Successful completion of the capital increase – gross issue proceeds of EUR 3,386,193.60
NOT FOR RELEASE OR DISTRIBUTION, DIRECTLY OR INDIRECTLY, IN OR INTO THE UNITED STATES OF AMERICA, AUSTRALIA, CANADA OR JAPAN OR ANY OTHER JURISDICTION IN WHICH SUCH RELEASE OR DISTRIBUTION WOULD BE UNLAWFUL
Munich, October 21, 2020: windeln.de SE ("windeln.de" or "Company") has successfully completed the placement of the new shares from the capital increase, which was resolved on by the Management Board on September 25, 2020 with the approval of the Supervisory Board. Through the placement of 2,821,828 new no-par value bearer shares with a pro-rata amount in the share capital of EUR 1.00 each and dividend entitlement as from January 1, 2020 (“New Shares”), gross issue proceeds of EUR 3,386,193.60 were generated based on the subscription price of EUR 1.20 per New Share.
During the subscription period, 380,525 new shares were subscribed by the company's existing shareholders via subscription rights with a subscription ratio of 2:1 and via the additional subscription rights voluntarily granted by the Company. 2,441,303 New Shares were placed with selected investors as part of a private placement.
The New Shares with ISIN DE000WNDL128 / WKN WNDL12 are expected to be delivered to the shareholders with a value date as from October 29, 2020 as shares not admitted to trading on the regulated market. They are to be included in the open market of a German stock exchange before they are to be admitted to trading on the regulated market of the Frankfurt Stock Exchange (Prime Standard) within one year of issuance on the basis of a securities prospectus to be prepared.
Quirin Privatbank AG accompanied the capital increase as the issuing bank and offered the publicly offered New Shares to the shareholders in accordance with the subscription offer.

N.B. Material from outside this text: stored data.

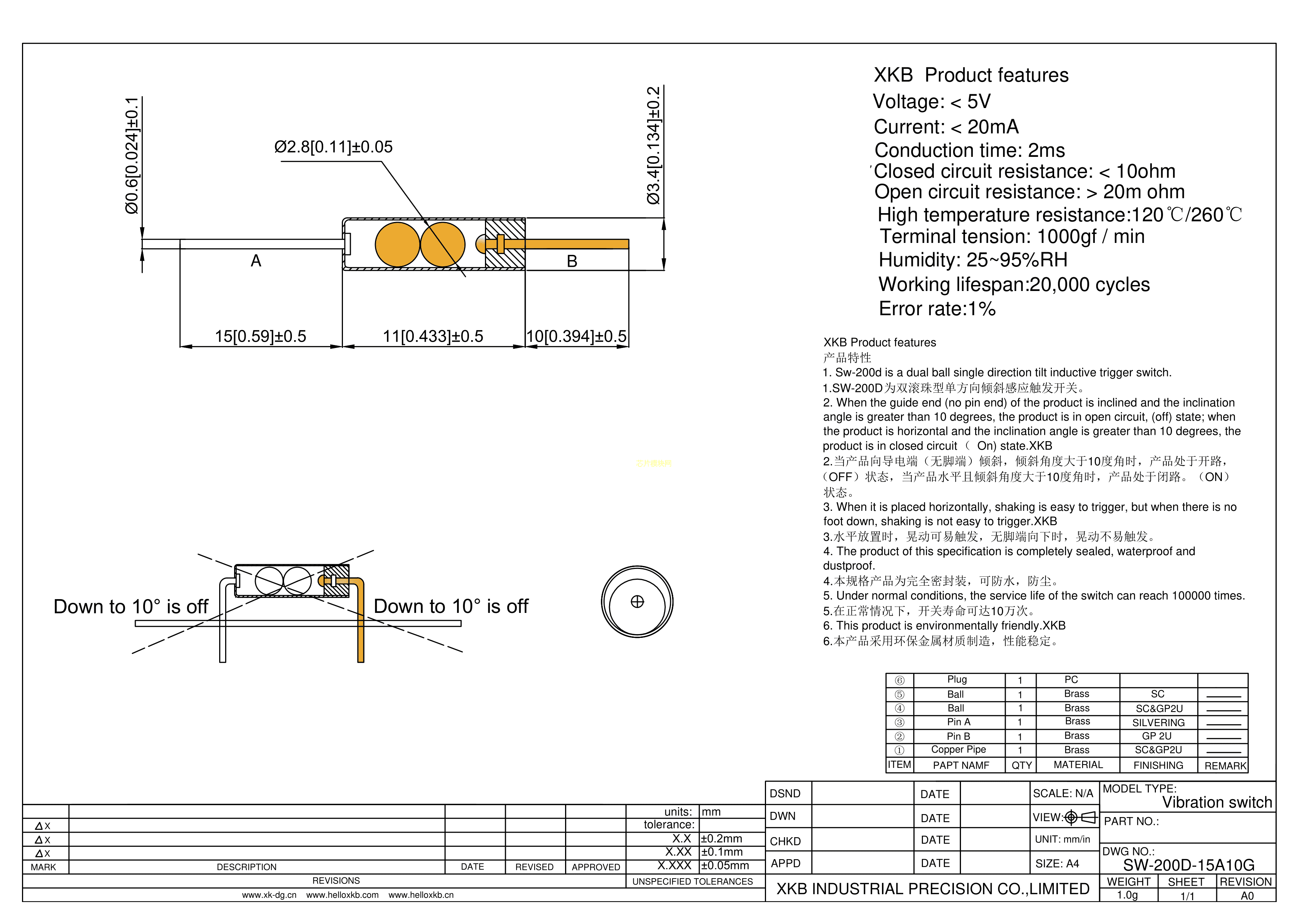SW-200D-15A10G数据手册-封装XKBConnectivity(中国星坤)PDF规格书,中英文下载
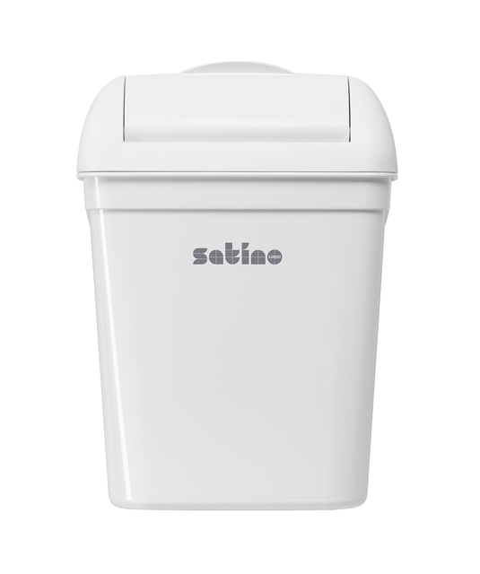 * De compacte Satino hygiënebox met een inhoud van 8 liter is geschikt voor toiletruimtes met een lage bezoekersfrequentie. * Deze afvalbak kan zowel hangend als staand worden aangebracht. * Het handige kanteldeksel zorgt voor een optimale luchtafdichting. * Gemaakt van gerecycled kunststof.
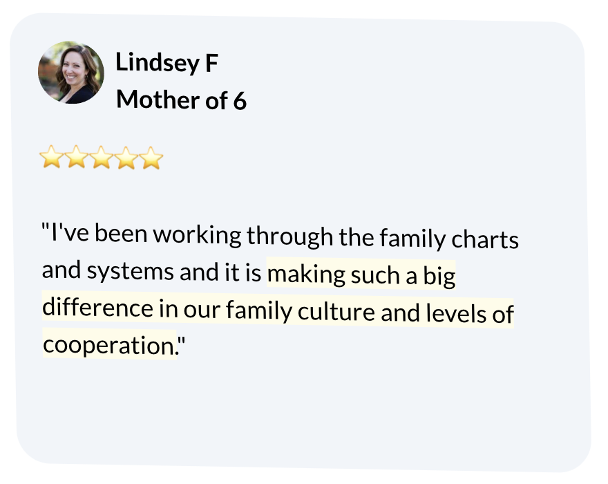 The RESOURCES you need to create family systems which increase cooperation and individual responsibility. Get MORE done with LESS nagging!
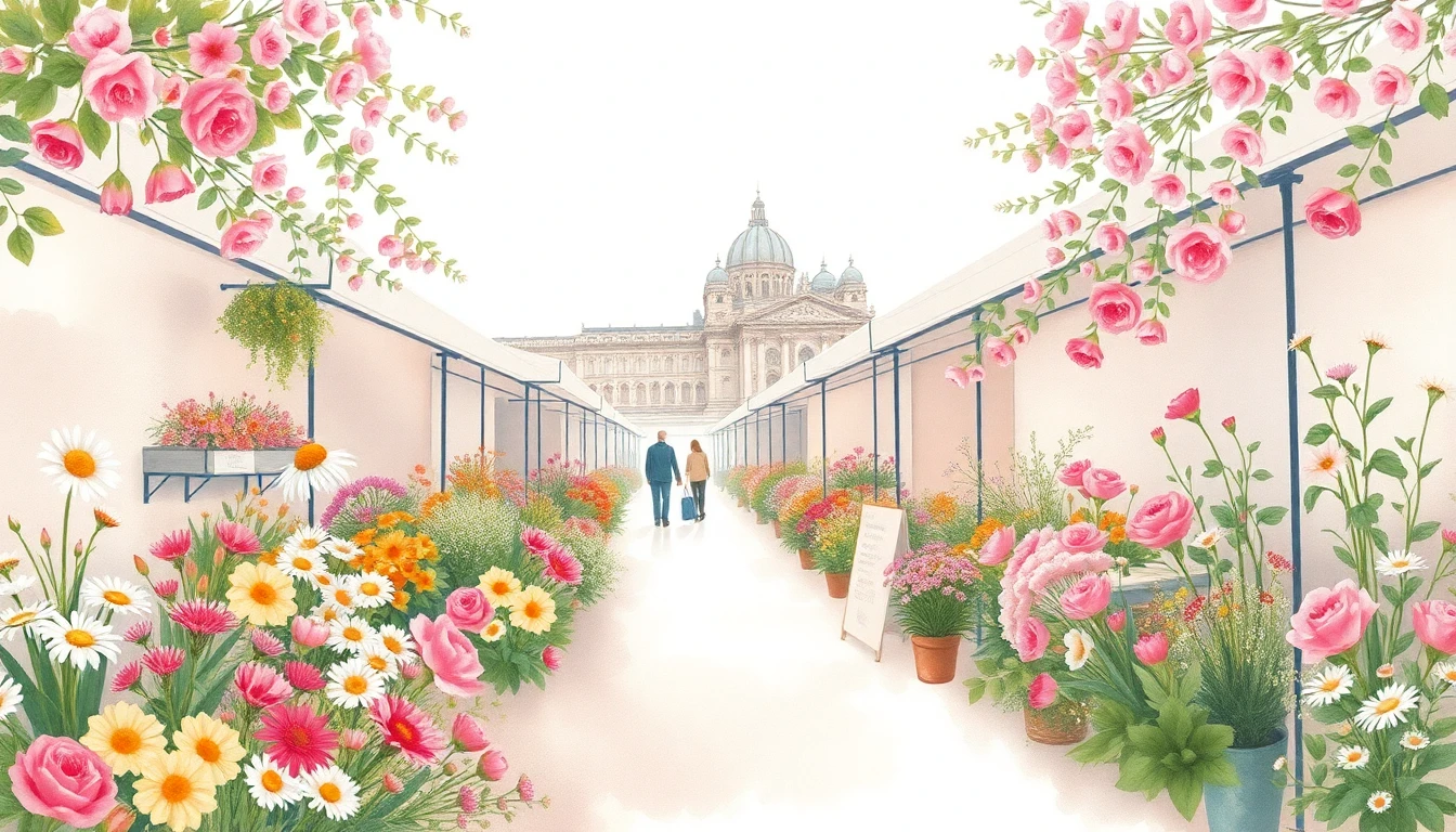 Watercolor illustration of a flower market in Budapest, HU featuring wildflowers, daisies, roses

This announcement is not for publication or distribution, directly or indirectly, in or into the United States of America (the "United States"). This announcement is not an offer of securities for sale into the United States. The securities referred to herein have not been and will not be registered under the U.S. Securities Act of 1933, as amended (the "Securities Act"), and may not be offered or sold in the United States, except pursuant to an applicable exemption from registration requirements under the Securities Act. No public offering of securities is being made in the United States.